Comment Re:Google: Select jurors who understand stats. (Score 4, Insightful) 349

So, you're confirming that young employees are overworking, which is the first part of the hypothesis, although then you go into a marketing style tangent with, "It's just that they are so excited that they don't want to go home!!!" That sounds pretty unhealthy to me, especially given the present evidence of attrition suggesting that it is not a sustainable way of working.

It's not marketing, it's the truth. I worked there for nearly 8 years. By the way, I'm 31.

Google is (a) a very desirable employer and (b) hires people from all over the world. The combination of these things mean that many, many developers, especially younger ones that move from poorer countries, get relocated across borders. They arrive in a new country where they don't speak the language, quite often with a girlfriend or wife in tow, and frankly many of them don't quite dive into making friends and socialising as much as perhaps would be a good idea. Combination of new city, no social life + interesting work == lots of people working odd hours. Eventually they do settle down and the hours get more normal.

But programming has always been this way, hasn't it?

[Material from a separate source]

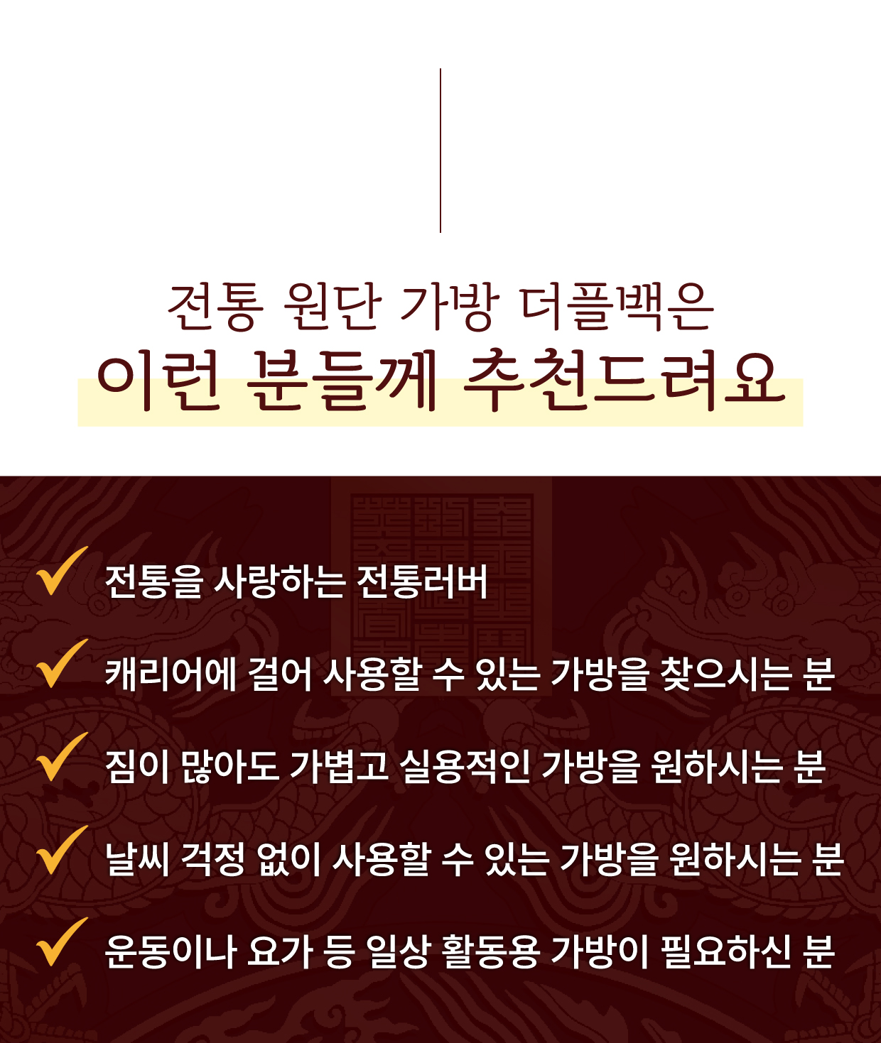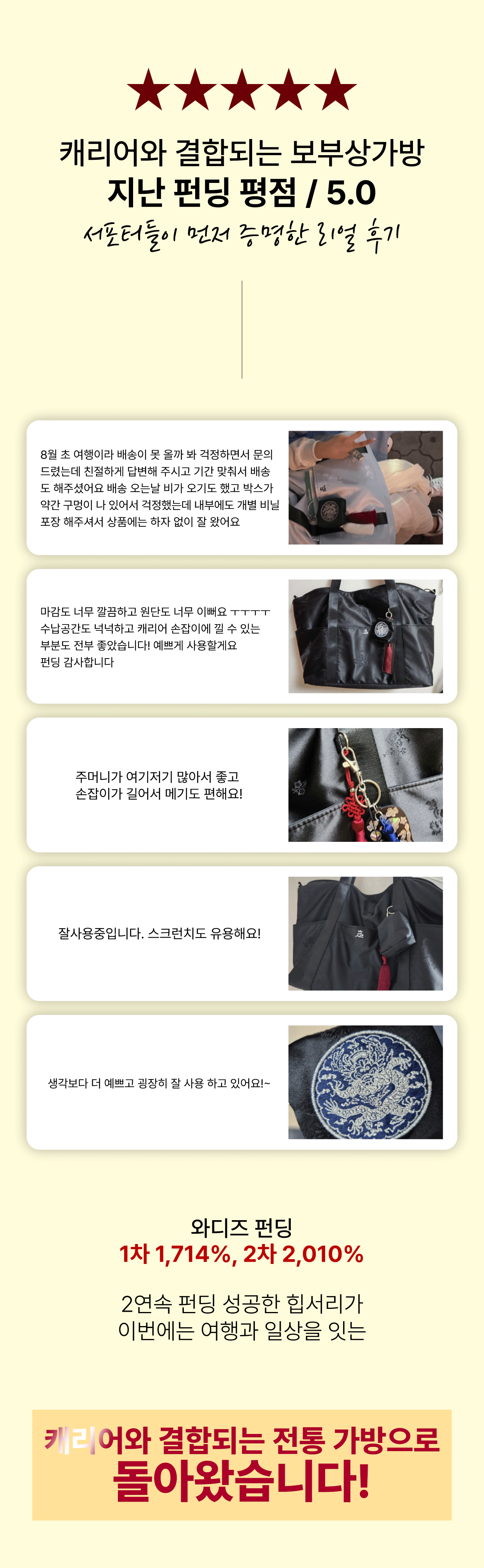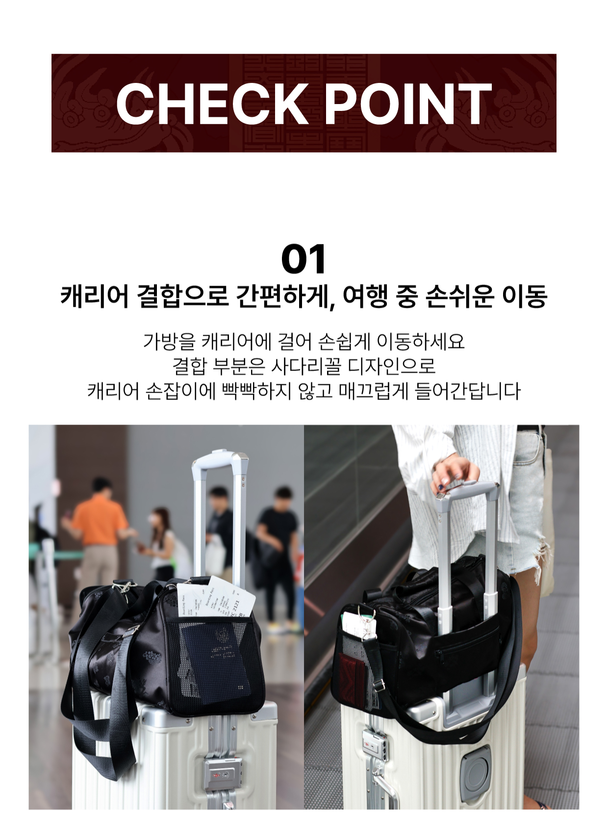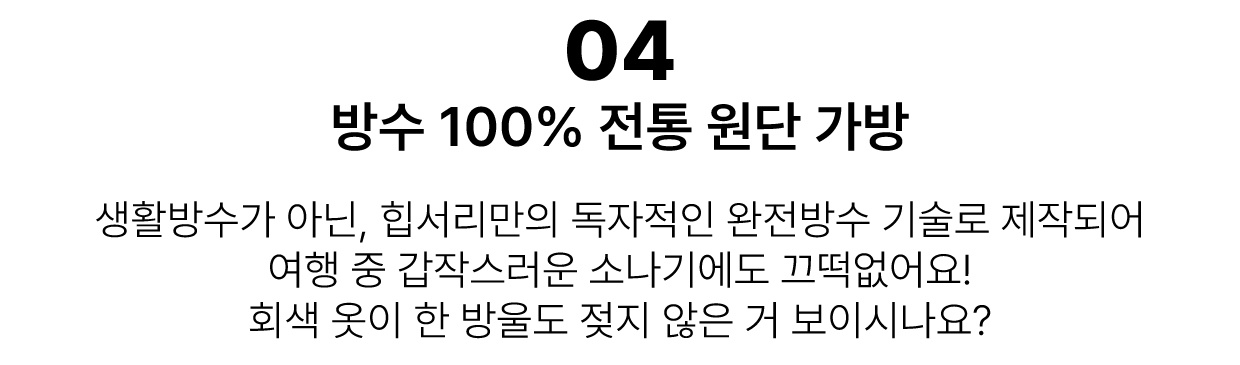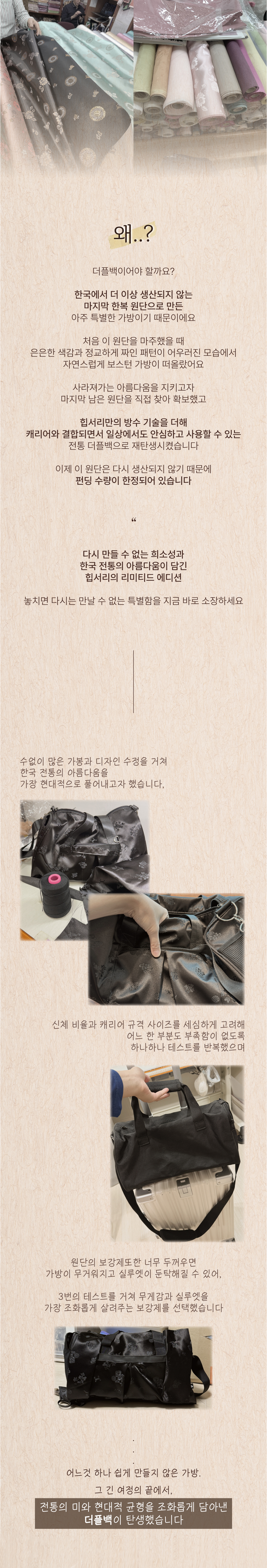 1. 🎒 传统面料旅行包 - 采用韩国最后韩服面料限量制作 2. 💧 防水功能 - Hipseri独家完全防水技术保护内部 3. 🧳 行李箱连接设计 - 可轻松连接行李箱手柄,方便旅行

I never heard a lawyer say, "I've been doing lawyering since I was 8 years old" but it happens in software all the time. It's a sort of work that many people just enjoy doing, and do it as a hobby as well as a job.

Comment Re:Doublethink (Score 3, Insightful) 686

It's always been this way - younger people tend to care less about voting

I could equally say it's always been this way because politicians and The Establishment have always been old.

My theory is at that age you're still so engrossed with exploring your environment, that you put little thought into shaping your environment.

My theory is that political parties run by older people tend to focus on the wishes of people just like them i.e. older people. Due to the party political whipping system, young people who investigate politics quickly realise they will be forced to vote in support of social policies they disagree with, making the career unattractive. This results in a downward spiral in which politicians ignore people unlike them, those people get turned off from politics, and thus the demographic makeup of the political elite can never self correct.